The problem was quite awful — my new and shiny code for superresolution wasn’t able to reproduce not only any state-of-art networks but even my own code that I wrote 4 months ago. And the ugliest part was that results of superresolution itself were pretty good sometimes, the network was working, although not reaching target PSNR and having strange visual artifacts sometimes, like doubling of small lines.

Let the debug begin

What initially was looking as minor bug became 60 days of struggle and sleepless nights. My faulty logic was simple — there’s something wrong with network definition or training process. Data preprocessing is definitely fine, as I am having meaningful results and visual control over image processing in Tensorboard.
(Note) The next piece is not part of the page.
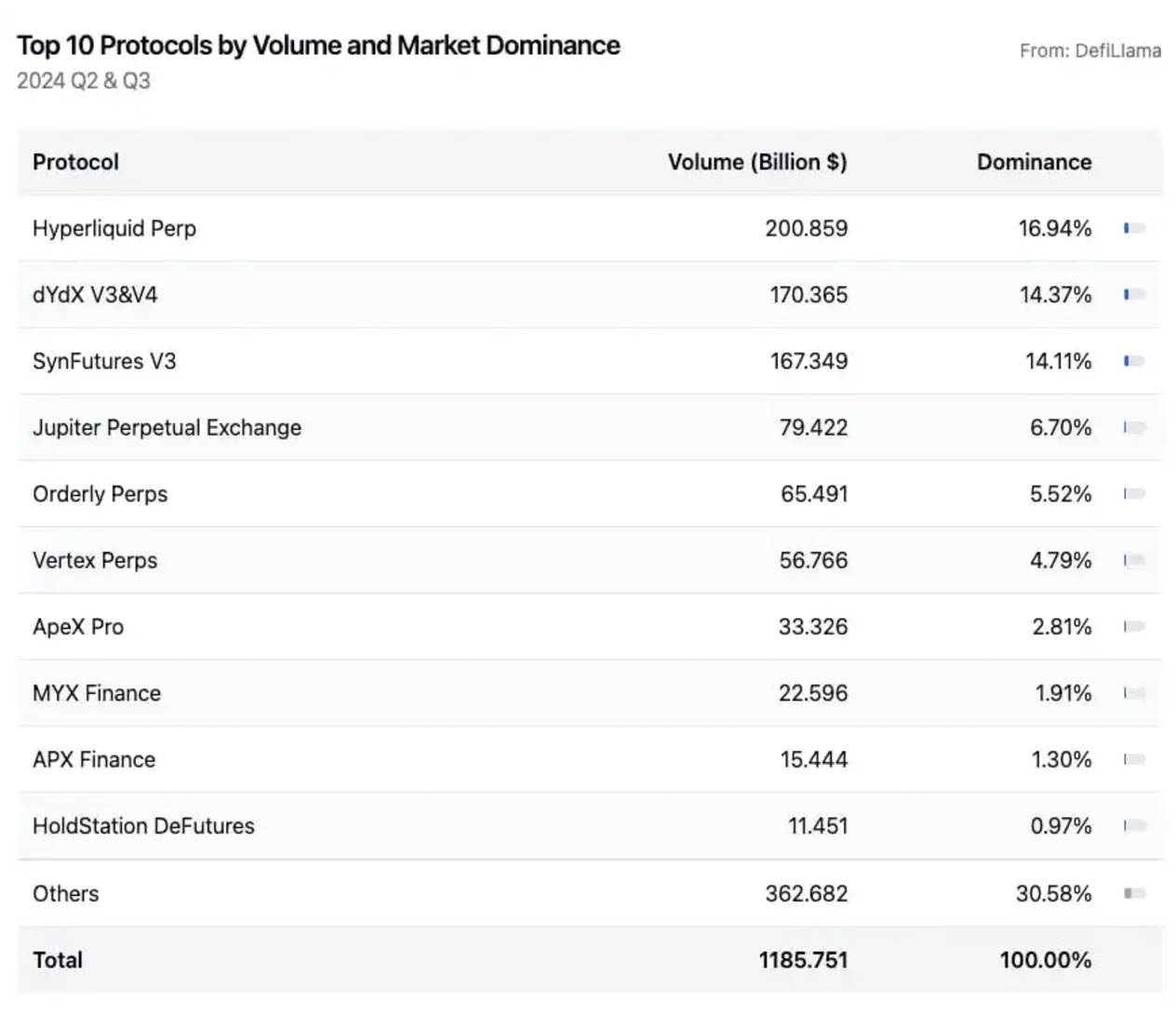 而如果我们把视角放到整个行业,可以看到 SynFutures V3 自上线以来的增长,相比 Hyperliquid、dYdX、Jupiter 等项目也毫不逊色。根据 DefiLlama 数据,Q2、Q3 链上永续合约交易量为 11857亿美金,前 3名占据超过 45%的交易量,分别为 Hyperliquid (16.94%)、dYdX V3 & V4 (14.37%) 和 SynFutures (14.11%)。

I tweaked everything I was able to find, defined network using Keras, Slim, raw TF — nothing, looked for changes in TF 1.3->1.4->1.5 and different CUDA versions, paddings behaviors. I am ashamed even to tell you about my latest suspicions, which involved defects in GPU RAM and statics. I was tweaking perceptual losses and style losses looking for a reason. And each iteration took days to retrain until some meaningful result…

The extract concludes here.